Классическая русская поэзия — богатство, делающее человека счастливым. Когда мне трудно, я с благодарностью вспоминаю слова Валентина Сорокина: «Поэзия — божье дело, звездное состояние души. Со стихами ты никогда не будешь бедной или униженной». И жизнь автора «Посвящения» убеждает, что это — действительно так.

август 2015

Часть первая.
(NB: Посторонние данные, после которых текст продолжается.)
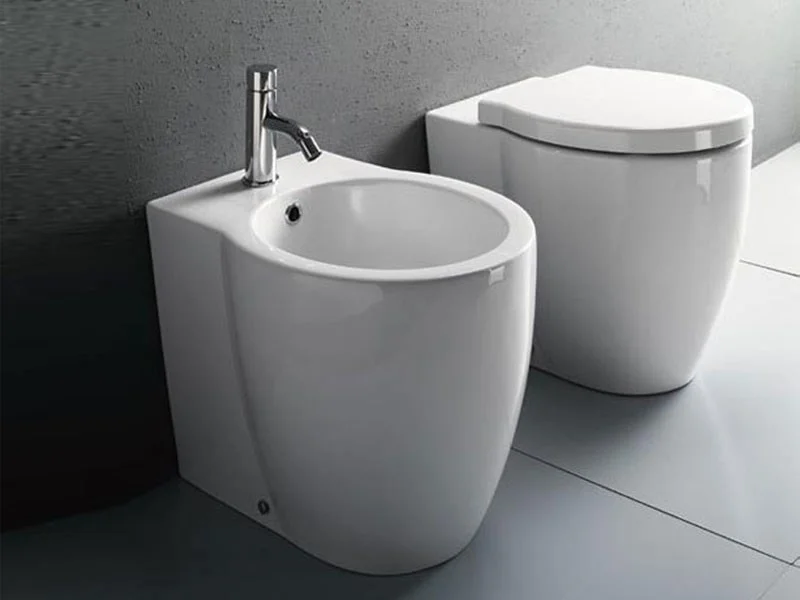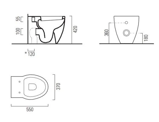 Унитаз приставной со сливом в стену (P), трансформируемым в пол (S) через отводящую трубу. Размер - 55х37.5х41 см. Цвет - белый.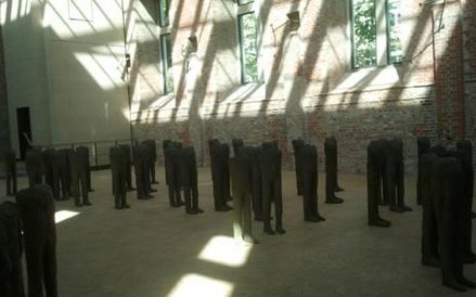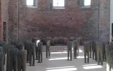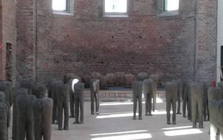 Jestem przekonana, że Magdalenie Abakanowicz odpowiadałoby miejsce ekspozycji: kościół ewangelicki świętej Elżbiety w Berlinie. Monumentalny, surowy, pozbawiony jakichkolwiek ozdób, z widoczną strukturą i fakturą cegieł. Takie same są jej prace, które tam się znalazły: „Plecy"(1976) w absydzie ołtarza głównego i „Bambini" (1998-99) w otwartych nawach.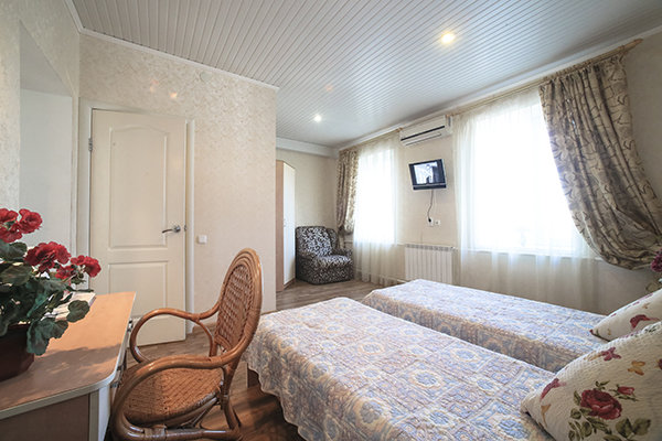 Трехэтажное здание отеля построено в 2010 году и находится на благоустроенной территории. Светлые номера оборудованы удобной мебелью и оснащены современной техникой. Часть номеров имеет выход на общую террасу.

Наши путешествия

Валентин Сорокин

Мчатся поезда, дышат реки, рвутся в просторе ветры; далеко, далеко ворочают барханами Каракумы; блестит золотыми спицами солнце; холм, играючи, развевает облака; бегут, обнимая путника, березы; голубеет полдень; багряная от молний, трепещет даль; свивается в огненные кольца у Южного креста драконий хвост; вспыхивают ресницы любимой женщины; волнуясь, вскипает закатный вихрь; дрожко встают крупные звезды и катится во двор золотая луна…
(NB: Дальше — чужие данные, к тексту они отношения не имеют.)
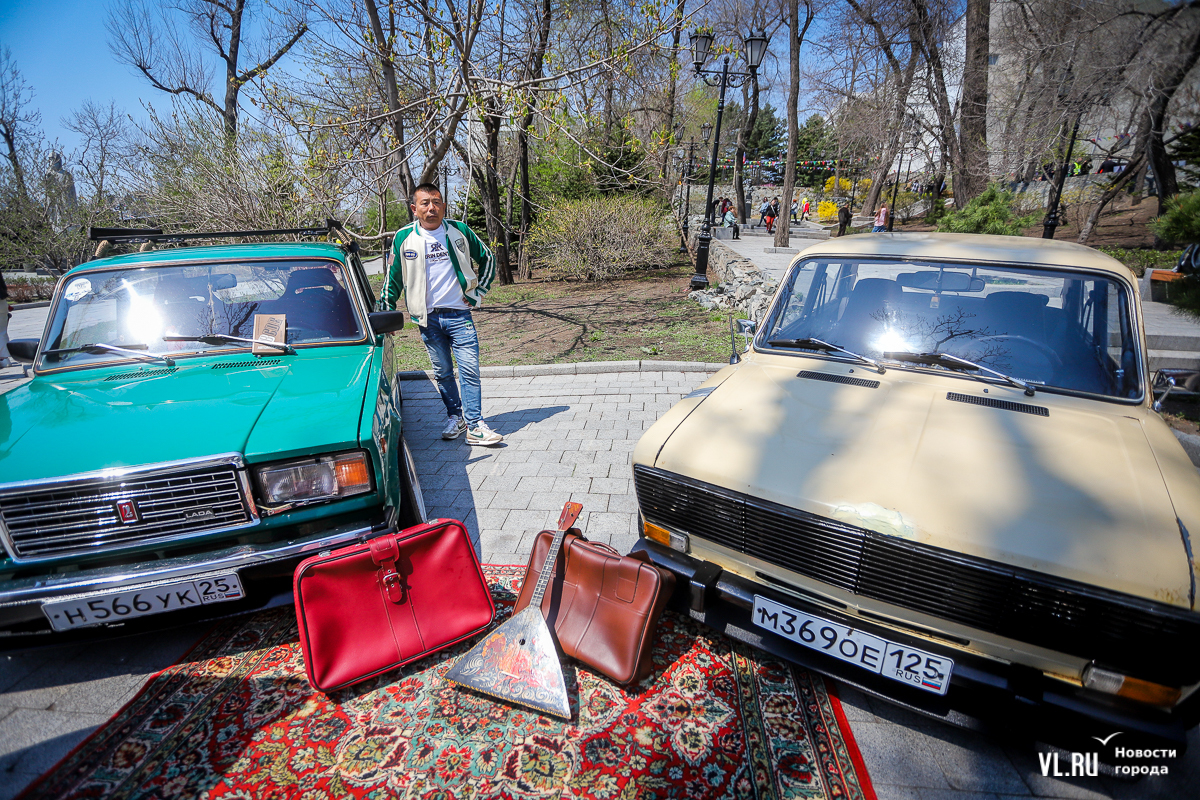 Если спуститься вниз от Триумфальной арки, можно попасть в зону ретроавтомобилей. Горожане здесь фотографируются и с дорогими сердцу советского человека «Жигули», и с представителями классики японского автопрома.

Поэзия Валентина Сорокина — поэзия вечного движения, мощного освоения пространств, звездной высоты и подземных вод, поэзия неистовых ритмов, стихии и поднебесья. Всюду крылья — у ветра, у человека, у Руси, и даже кресты летят в небо с земных погостов. Душа и движение. Поэзия — одухотворенное движение, мириады созвездий, открытие далей, просторов, богатств. Окрашенные в золотистые, серебристые, багряные, лазоревые цвета циклы стихов, горы стихов, реки стихов; падают, кувыркаясь, с гор камни; бьются неисчерпаемые водопады — вечный рев; прорываются сквозь гибельные льды ледоколы; космонавты назло вселенскому холоду возвращаются к теплой земле! Да можно ли было усидеть на месте после таких стихов?! На край света, в огонь и в воду, в горе и в радость, через любую тьму — к свету! И вдруг — спокойное, зимнее, упреждающее; тихие, снеговые шаги:

Мы привыкли счастье тихо кутать

В белые сугробы: след и след

Тот найдет, кому их не распутать

И себя не уберечь от бед.

Но время заговорило. Словно в долго молчавших часах тронули маятник, и они пошли мерно, ровно, безостановочно. Приходит миг, когда понимаешь, что нужно ехать, идти, мчаться вперед, вперед; подниматься на вершины и лететь через пропасти, чтобы понять самое главное, важное в жизни и в себе.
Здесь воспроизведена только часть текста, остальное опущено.